(Beginning of Material supplied)
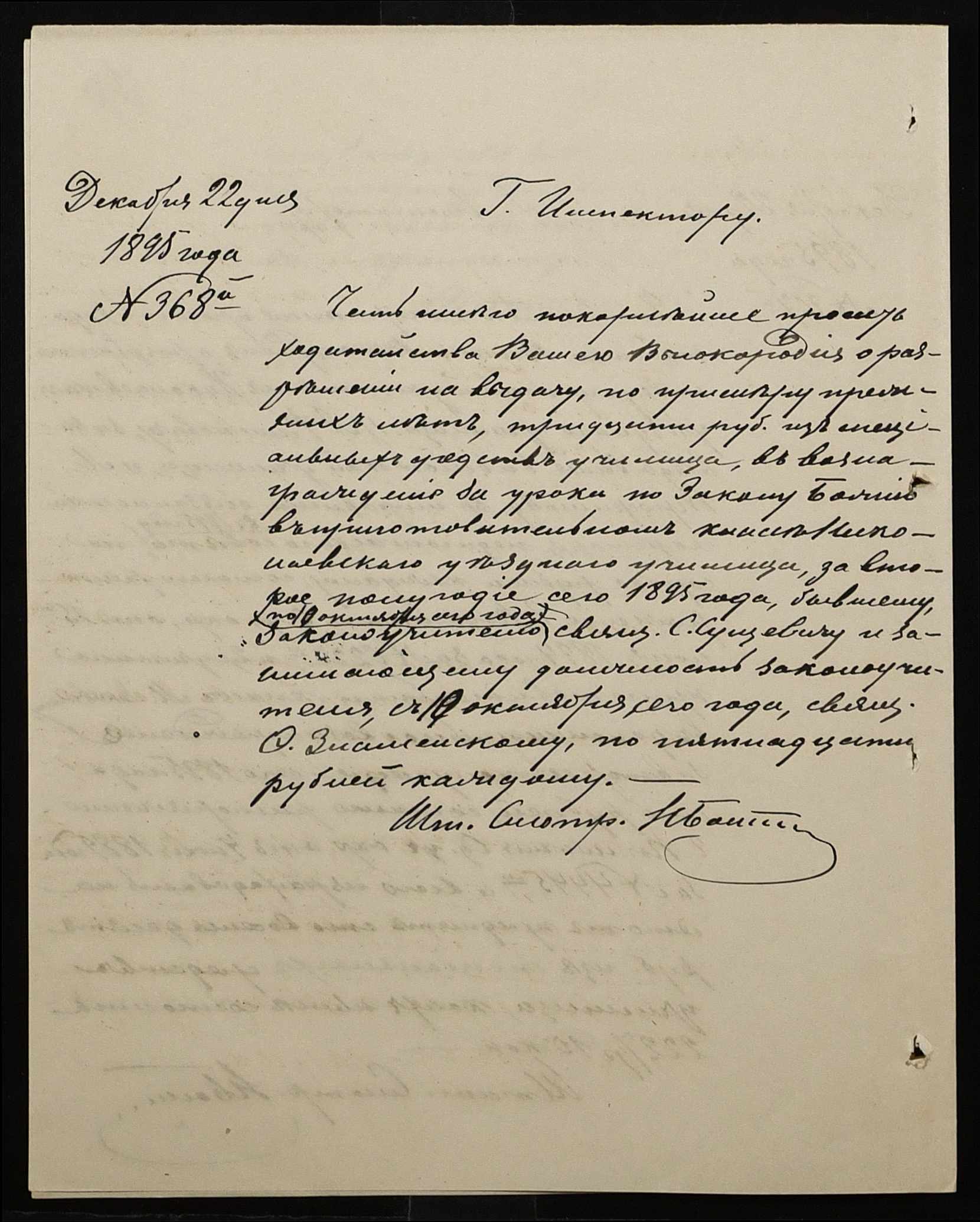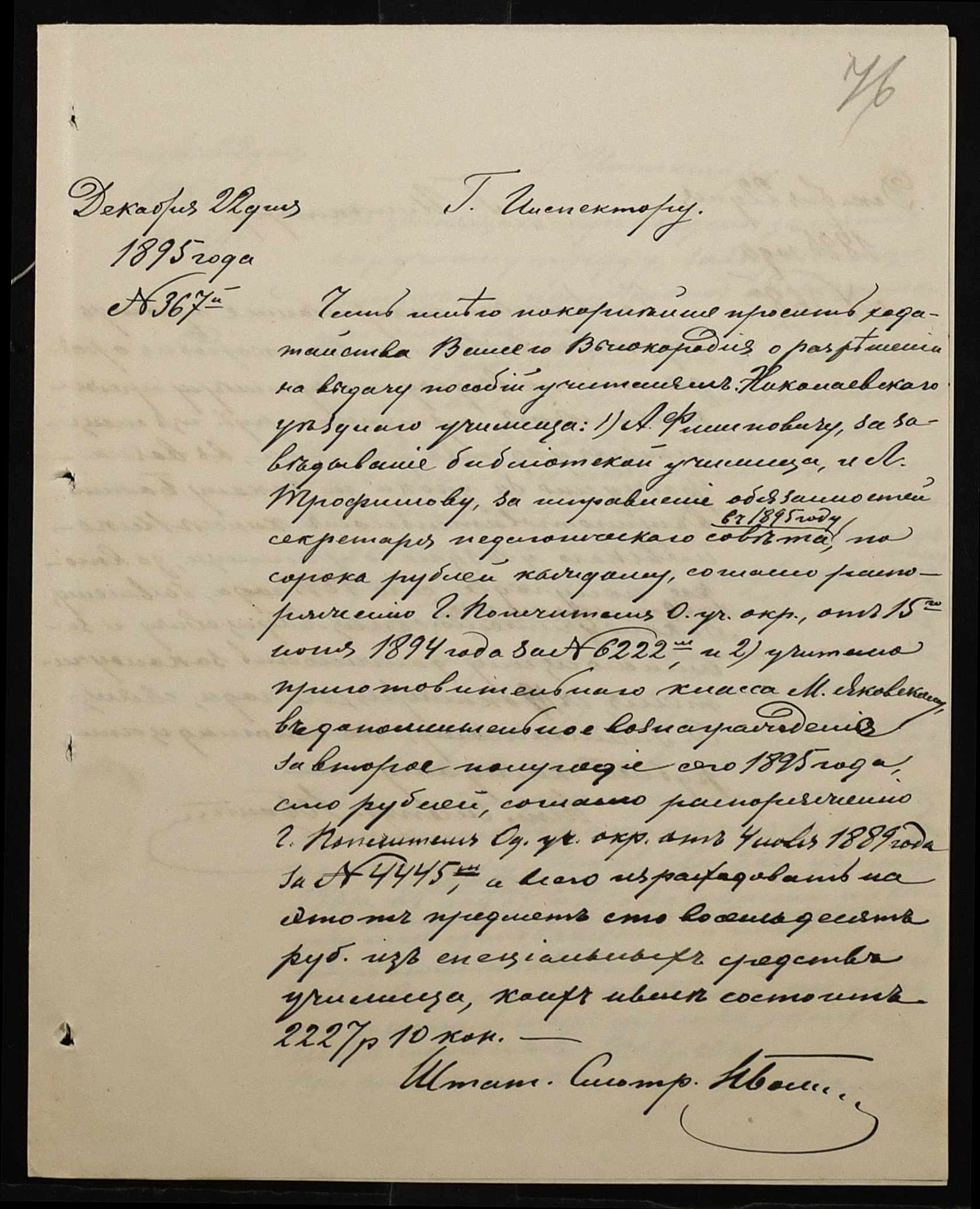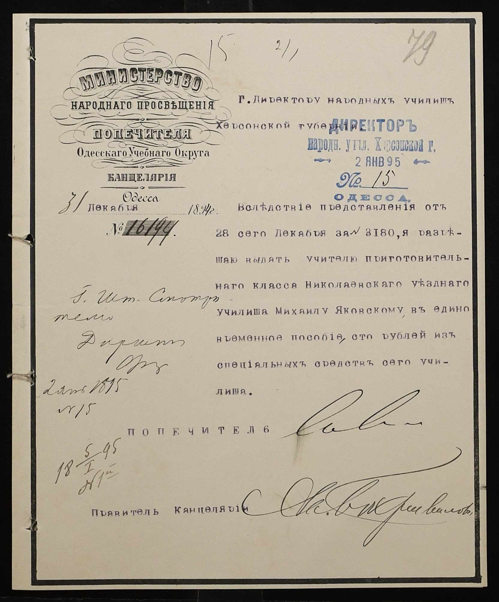 • • • • Справа № 286 “Листування з піклувальником Одеського навчального округу з фінансових питань”
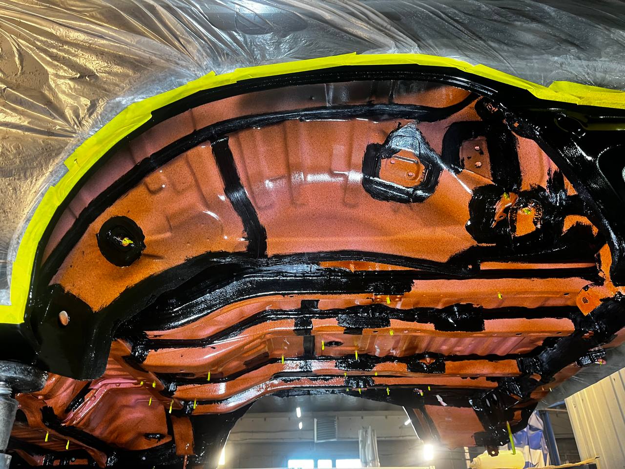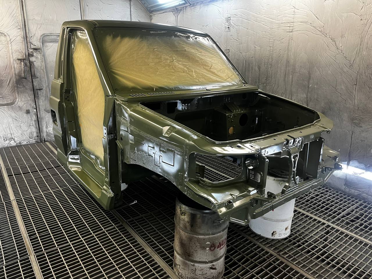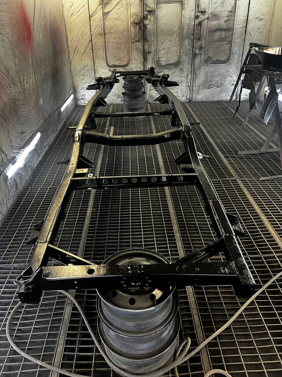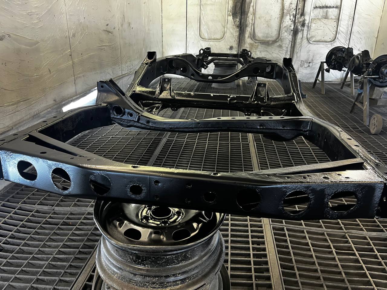 Мы покрываем автомобиль пленкой и проводим тщательную сушку поверхности, используя тепловые пушки для нагнетания горячего воздуха, а также сжатый воздух для просушки труднодоступных мест, рамы и лонжеронов.
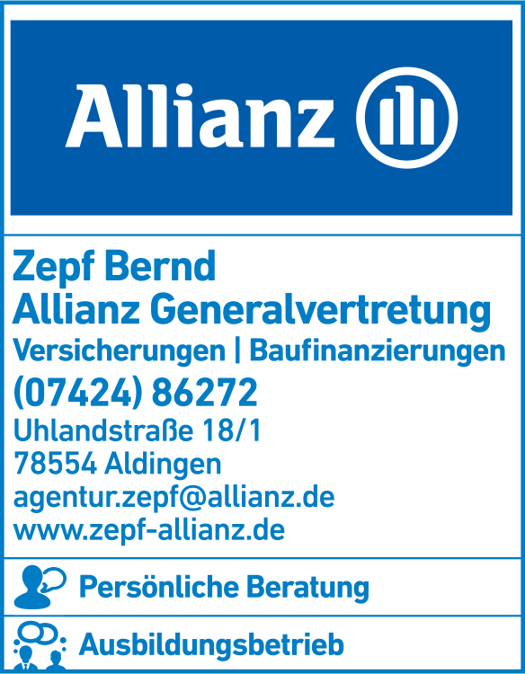 Die Adresse von Zepf Bernd Allianz Generalvertretung lautet: Uhlandstr. 18, 78554 Aldingen
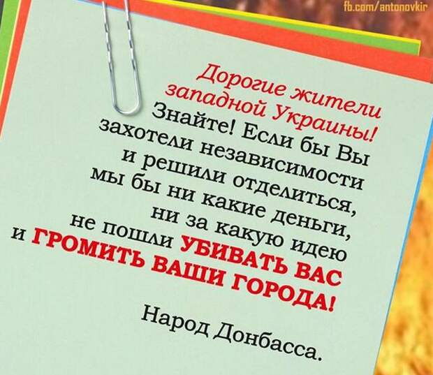 Со всех сторон на чёрное говорят "белое". Ложь льётся непрерывным потоком в формате 24/7. Нет ни одного источника, доступного населению, который давал бы правдивую информацию.Вы скажете - ! Увы, до начала событий лишь малая часть населения Украины интересовалась политическими вопросами - остальные туда лазили початиться, повисеть в контактике, фоточки повыкладывать, на порнушку подрочить, фильмы качнуть... Всё, что они слышали о политике (фу, какая гадость!) - было из телеящика. И когда всё началось, те же политические вопросы они по-прежнему всасывали из ТВ. Мало кому из них в голову пришло искать новые и правдивые источники. Ведь когда со всех каналов круглосуточно несется одно и то же, именно оно и принимается за правду. Центральной, Северной, Западной Украины события на Юго-Востоке лично никак не коснулись - для них это только новости из ящика. И только Юго-Восток, сожжённый и расстрелянный, кожей ощущает, где враг, а где - друг, где - ложь, а где - правда.
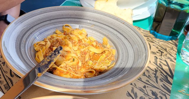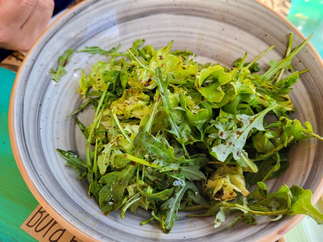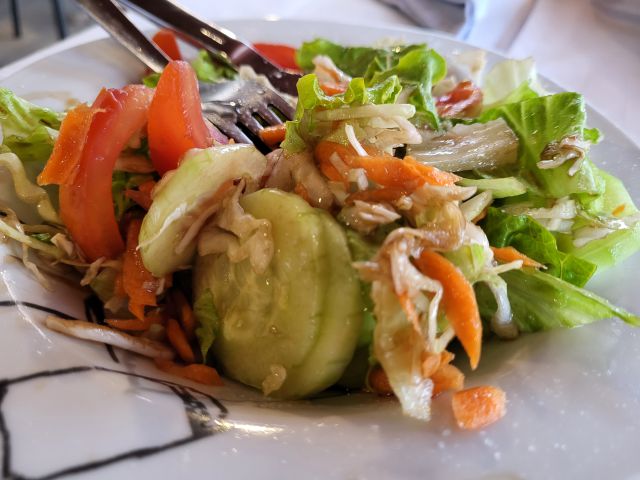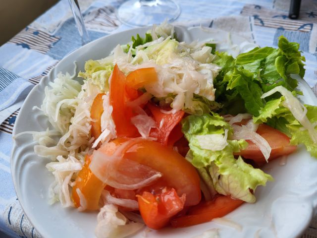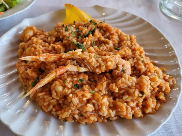 Včeraj kosilo v restavraciji tik ob morju- jaz rižoto s škampi, mož polnjen zrezek s prilogami, oba solato.
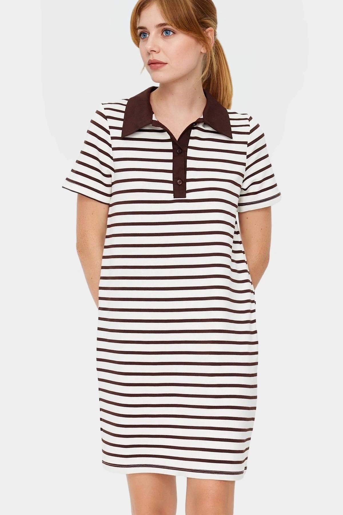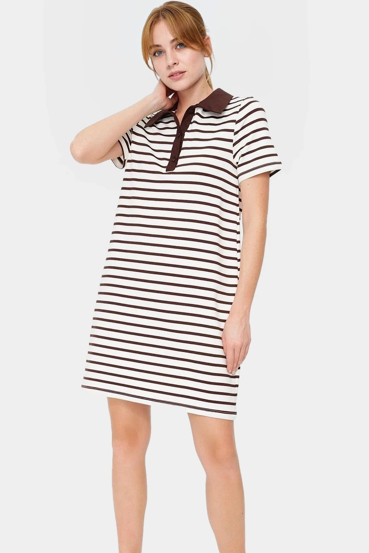 A Kesim Örme Elbise Viskoz Polo Yaka Çizgili Desen Modern Stil Kaliteli İşçilik Zarifane Tasarım
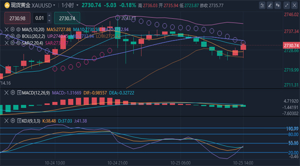 黄金消息面分析】:周四(10月24日),现货金上涨0.7%,收盘报每盎司2,735.55
(End of Material supplied)
#### [Problem description]
Line by line, give the material above again exactly, but without any pictures.

#### [Completed exercise]
 • • • • Справа № 286 “Листування з піклувальником Одеського навчального округу з фінансових питань”
 Мы покрываем автомобиль пленкой и проводим тщательную сушку поверхности, используя тепловые пушки для нагнетания горячего воздуха, а также сжатый воздух для просушки труднодоступных мест, рамы и лонжеронов.
 Die Adresse von Zepf Bernd Allianz Generalvertretung lautet: Uhlandstr. 18, 78554 Aldingen
 Со всех сторон на чёрное говорят "белое". Ложь льётся непрерывным потоком в формате 24/7. Нет ни одного источника, доступного населению, который давал бы правдивую информацию.Вы скажете - ! Увы, до начала событий лишь малая часть населения Украины интересовалась политическими вопросами - остальные туда лазили початиться, повисеть в контактике, фоточки повыкладывать, на порнушку подрочить, фильмы качнуть... Всё, что они слышали о политике (фу, какая гадость!) - было из телеящика. И когда всё началось, те же политические вопросы они по-прежнему всасывали из ТВ. Мало кому из них в голову пришло искать новые и правдивые источники. Ведь когда со всех каналов круглосуточно несется одно и то же, именно оно и принимается за правду. Центральной, Северной, Западной Украины события на Юго-Востоке лично никак не коснулись - для них это только новости из ящика. И только Юго-Восток, сожжённый и расстрелянный, кожей ощущает, где враг, а где - друг, где - ложь, а где - правда.
 Včeraj kosilo v restavraciji tik ob morju- jaz rižoto s škampi, mož polnjen zrezek s prilogami, oba solato.
 A Kesim Örme Elbise Viskoz Polo Yaka Çizgili Desen Modern Stil Kaliteli İşçilik Zarifane Tasarım
 黄金消息面分析】:周四(10月24日),现货金上涨0.7%,收盘报每盎司2,735.55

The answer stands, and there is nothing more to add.